The “Hunter vs Shield” narrative belonged to A. Sanchez against a Chicago defence that has been porous all year. Sanchez entered the fixture as one of the league’s standout attackers: 6 goals and 1 assist in 9 appearances, built on 22 shots (13 on target) and 14 key passes. Her 7.46 average rating reflects a player who not only finishes moves but also initiates them, dropping into pockets and driving at back lines. Against a Red Stars unit that had already conceded 14 away goals, she was always likely to find space between the lines and in the half-channels, especially with Okafor and Ijeh stretching the back three horizontally.
Behind her, the “Shield” for North Carolina was not just the back four, but the platform created by Williams on the right. The league’s top assist provider for the Courage, Williams has 3 assists from 317 passes, with 11 key passes and an 85% accuracy rate. Her ability to step high from right-back, combine with Koyama and Okafor, and still recover defensively allowed Lind to commit numbers forward without losing structural integrity. Chicago’s 3-5-2, reliant on wide midfielders tracking deep, struggled to consistently deal with those overlapping runs.
In the engine room, the battle was subtler but just as decisive.

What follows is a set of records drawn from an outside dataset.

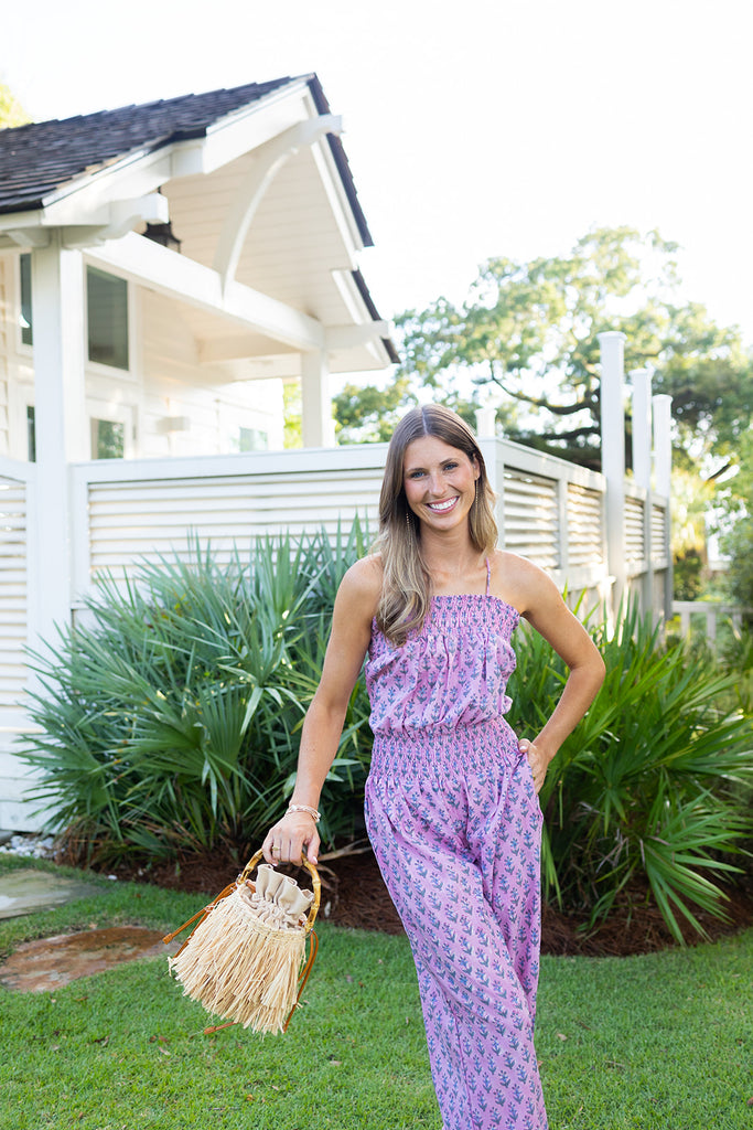 This jumpsuit bursts with vibrant purple and pink hues, perfect for adding a pop of fun to your wardrobe. Its comfortable fit lets you move freely while making a bold, cheerful statement wherever you go.
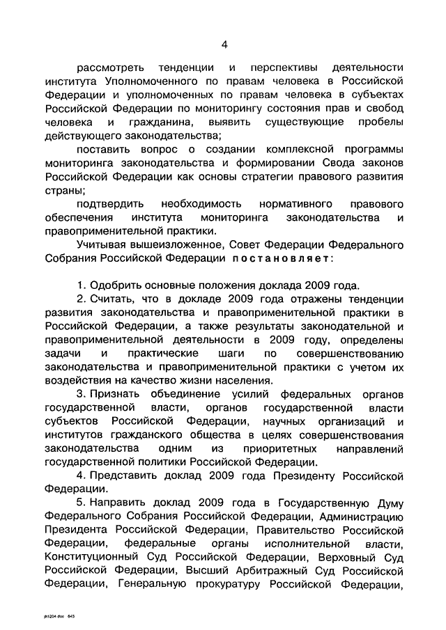 "О ДОКЛАДЕ СОВЕТА ФЕДЕРАЦИИ ФЕДЕРАЛЬНОГО СОБРАНИЯ РОССИЙСКОЙ ФЕДЕРАЦИИ 2009 ГОДА "О СОСТОЯНИИ ЗАКОНОДАТЕЛЬСТВА В РОССИЙСКОЙ ФЕДЕРАЦИИ"
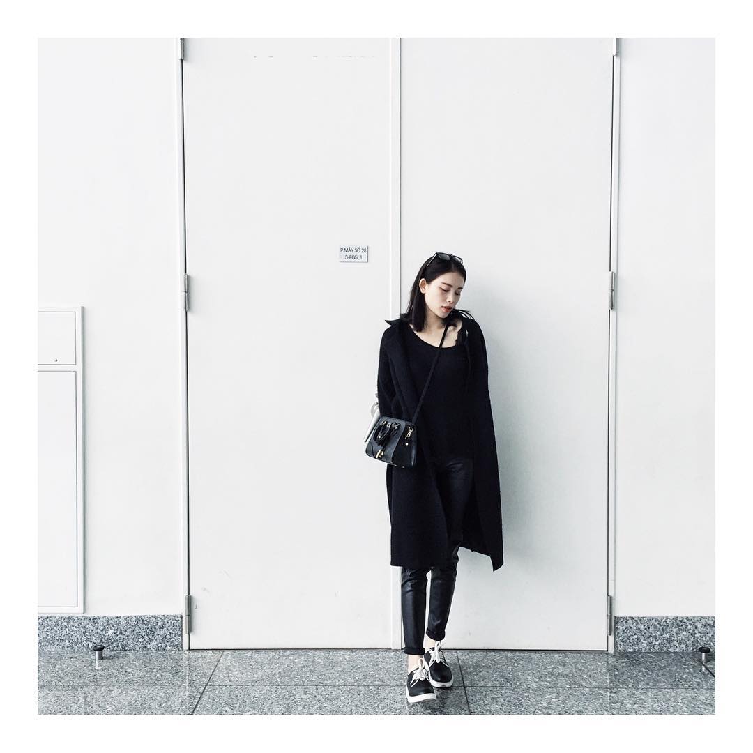 Dù chọn phong cách nữ tính hay cá tính, trang phục đen luôn là must-have item trong tủ đồ của mọi cô nàng. Đối với cách mix - mtach all black, tùy với từng cách kết hợp trang phục khác nhau, Linh Rin luôn ghi điểm với vẻ ngoài sang trọng, cá tính nhưng vẫn đảm bảo nét dịu dàng chẳng lẫn vào đâu được.

Chicago’s midfield of Farmer, Grosso and Hayashi needed to disrupt Courage’s passing lanes and deny Sanchez the ball in advanced zones. Yet North Carolina’s season profile – only 2 matches total where they failed to score, both away – suggested that if you allow them rhythm, they will eventually find a breakthrough. With Chicago averaging 2.2 goals against overall and 2.8 away, their shield was always likely to crack under sustained pressure.
Statistically, the prognosis for Chicago in fixtures like this is grim. They have one clean sheet all season, and none on their travels. They have failed to score in all 5 away matches. North Carolina, meanwhile, had already recorded 1 home clean sheet and 3 overall, and had never failed to score at WakeMed this season. A 4-0 scoreline fits the underlying numbers: a home side averaging 2.0 goals at home facing an away defence conceding 2.8, with an attack that offers virtually no threat on their travels.
Following this result, the story is clear. The Courage’s 4-3-3, powered by Sanchez’s cutting edge and Williams’ delivery, looks increasingly like a play-off-calibre platform, especially at home. Chicago’s experimental 3-5-2, layered over a side with an away average of 0.0 goals for and 2.8 against, felt less like a tactical evolution and more like a gamble against the odds – one that WakeMed Soccer Park ruthlessly exposed.